Sure enough, Harry apologized.

But somehow, I have a feeling he didn’t really feel like saying sorry.

Because based on tidbits from his life story, Harry probably said what he said because he was angry.

I suspect Harry made such a bold claim because he was disgusted. Because he was so offended by the idea of these male tourists coming to a poor country to exploit women and children.

One can even sense that anger in media reports in which Harry adamantly declared that there’s no way he’s going to apologize.

“I’m not going to apologize,” he said in news reports. “I will never apologize for trying to combat child sex. I will never apologize for trying to combat children being forced to labor. I will never apologize for trying to help children in Smokey Mountain.”

From what I’ve read about him, Harry Thomas is not the typical American ambassador.

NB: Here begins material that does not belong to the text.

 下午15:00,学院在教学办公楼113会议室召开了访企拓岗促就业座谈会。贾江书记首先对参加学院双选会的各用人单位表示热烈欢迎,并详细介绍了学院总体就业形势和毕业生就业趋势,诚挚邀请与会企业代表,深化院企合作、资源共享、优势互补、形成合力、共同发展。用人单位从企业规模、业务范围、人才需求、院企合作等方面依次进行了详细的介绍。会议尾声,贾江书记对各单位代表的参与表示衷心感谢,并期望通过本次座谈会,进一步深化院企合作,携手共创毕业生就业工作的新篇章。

He’s the first African American to become boss of that sprawling embassy along Roxas Boulevard. And I’m willing to bet that he’s the first US ambassador who actually knows and understands the plight of people of color.

This was fairly evident in a June interview in the Philippine Star interview with F. Sionil Jose.

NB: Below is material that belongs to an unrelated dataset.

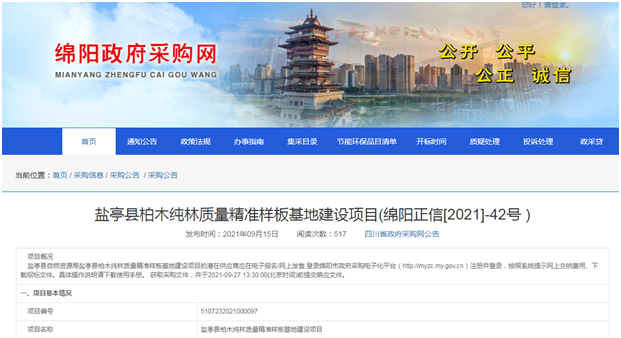 【綿陽正信?招標(biāo)部消息】我公司受鹽亭縣自然資源局委托,對鹽亭縣柏木純林質(zhì)量精準(zhǔn)樣板基地建設(shè)項目擬采用競爭性磋商方式進(jìn)行采購,本項目于2021年09月15日在四川省政府采購網(wǎng)及綿陽市政府采購網(wǎng)公示,預(yù)計于2021年09月27日13:30在綿陽市安昌路17號富臨花園四樓15號開標(biāo)。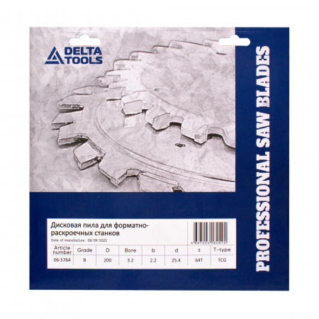 Дисковая пила DELTA TOOLS 200x3,2/2,2x25,4 Z=64 трапеция для ФРС предназначена для пиления биламинированных панелей с меламиновыми покрытием и не облицованных плит ДСП, MDF на форматно-раскроечных станках с использованием подрезной пилы.

It’s an interesting exchange.

Thomas told Jose about how his “father was a typist” who used to “dig ditches.” He talked about growing up in the late 60s and early 70s “in the militant era.” He talked about being influenced by the great African American writer Langston Hughes.

“But not only Langston Hughes,” he said. “A lot of them were what we called the Dream Team at Howard University, but also in Harlem. So those were our great writers. There’s a great literary tradition in all American communities: the Irish, the Latinos. A lot of novels come out of pain and struggle and some are humorous. My father believed in us studying everything and so we read the classics in literature, but we clearly also read history by African-Americans.”

And in a remark I found striking, given the intense homophobia in the African American community, the U.S. ambassador appeared to argue that another great African American writer, James Baldwin, should have won the Nobel Prize for Literature, but that he didn’t “because he was gay.”

And Harry knew only too well the horror and humiliation African Americans endured during the time of segregation – when Blacks were prohibited from mingling with Whites. (Filipinos endured the same prejudice in California where some hotels displayed signs saying ‘No dogs or Filipinos allowed.’)

“I never was on a segregated bus,” Thomas said, “but I, we had to take the trains down South to my grandmother’s and on the train, you had to sit in the back. … But we had a lot of fun because we were with our cousins; we were eating and playing and it didn’t matter. People would throw coins at us to say, ‘You aren’t worth anything.’ ” I wanted to pick the pennies up, my cousins wouldn’t let me pick them up.”

His father, he said, taught him “that you shouldn’t be bitter, that you shouldn’t have rancor.”

His mother showed him how to fight back, by being part of the non-violent movement for change. “She always went to all the marches,” he said, including the historic 1963 march to Washington DC led by Martin Luther King.

And that’s the trouble with Harry.

The American ambassador was a child of the American Civil Rights Movement, a son of brave people who led one of the most inspiring and successful campaigns for human rights in history.

It’s a chapter in US history, by the way, that Filipinos here in the U.S. should really acknowledge and celebrate — for we and other communities of color benefited from the struggles and sacrifices of people like Harry’s parents.

Could the U.S. ambassador’s comment about male sex tourists be based on the historical outrage in the African American community over the way Black women were abused, even raped, by slave owners?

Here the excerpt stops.